About this task: For the material below, reproduce exactly each line from the one that has "据悉,本次活动由自治区党委宣" through the one that has "进阶式训练数独-高斯数独高年", and no others; pictures stay out.

Extracted material:
'''

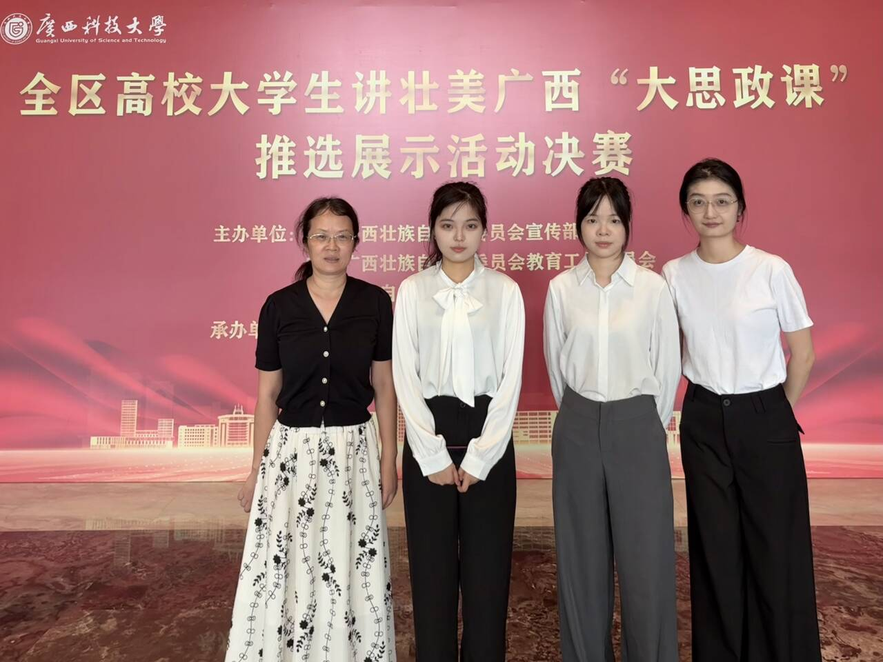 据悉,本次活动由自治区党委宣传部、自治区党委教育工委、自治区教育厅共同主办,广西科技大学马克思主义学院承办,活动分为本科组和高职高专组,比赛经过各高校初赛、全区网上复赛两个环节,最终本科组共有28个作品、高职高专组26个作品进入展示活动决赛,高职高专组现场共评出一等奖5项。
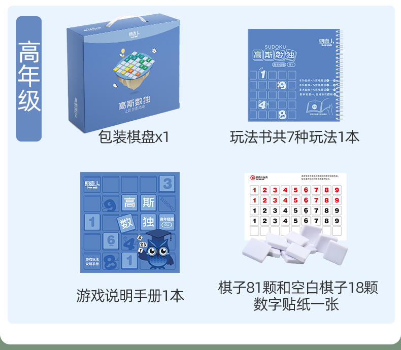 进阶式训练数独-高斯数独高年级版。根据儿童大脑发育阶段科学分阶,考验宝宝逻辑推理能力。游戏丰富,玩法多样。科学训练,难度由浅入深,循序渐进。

'''
'''

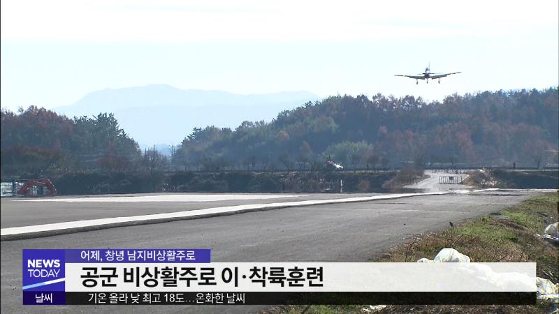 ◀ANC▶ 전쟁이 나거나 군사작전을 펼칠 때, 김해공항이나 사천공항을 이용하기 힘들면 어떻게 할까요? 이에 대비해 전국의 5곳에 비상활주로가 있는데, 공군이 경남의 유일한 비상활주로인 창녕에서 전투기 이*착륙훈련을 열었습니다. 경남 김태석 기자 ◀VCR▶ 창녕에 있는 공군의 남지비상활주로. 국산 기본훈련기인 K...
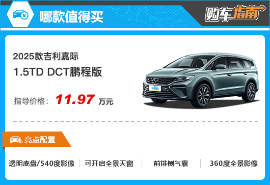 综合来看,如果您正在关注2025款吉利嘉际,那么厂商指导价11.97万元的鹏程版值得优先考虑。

'''
'''

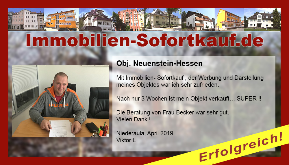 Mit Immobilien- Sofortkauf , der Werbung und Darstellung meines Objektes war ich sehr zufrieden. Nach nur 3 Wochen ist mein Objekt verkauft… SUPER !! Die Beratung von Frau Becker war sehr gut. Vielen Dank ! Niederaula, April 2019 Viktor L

'''

Task result:
 据悉,本次活动由自治区党委宣传部、自治区党委教育工委、自治区教育厅共同主办,广西科技大学马克思主义学院承办,活动分为本科组和高职高专组,比赛经过各高校初赛、全区网上复赛两个环节,最终本科组共有28个作品、高职高专组26个作品进入展示活动决赛,高职高专组现场共评出一等奖5项。
 进阶式训练数独-高斯数独高年级版。根据儿童大脑发育阶段科学分阶,考验宝宝逻辑推理能力。游戏丰富,玩法多样。科学训练,难度由浅入深,循序渐进。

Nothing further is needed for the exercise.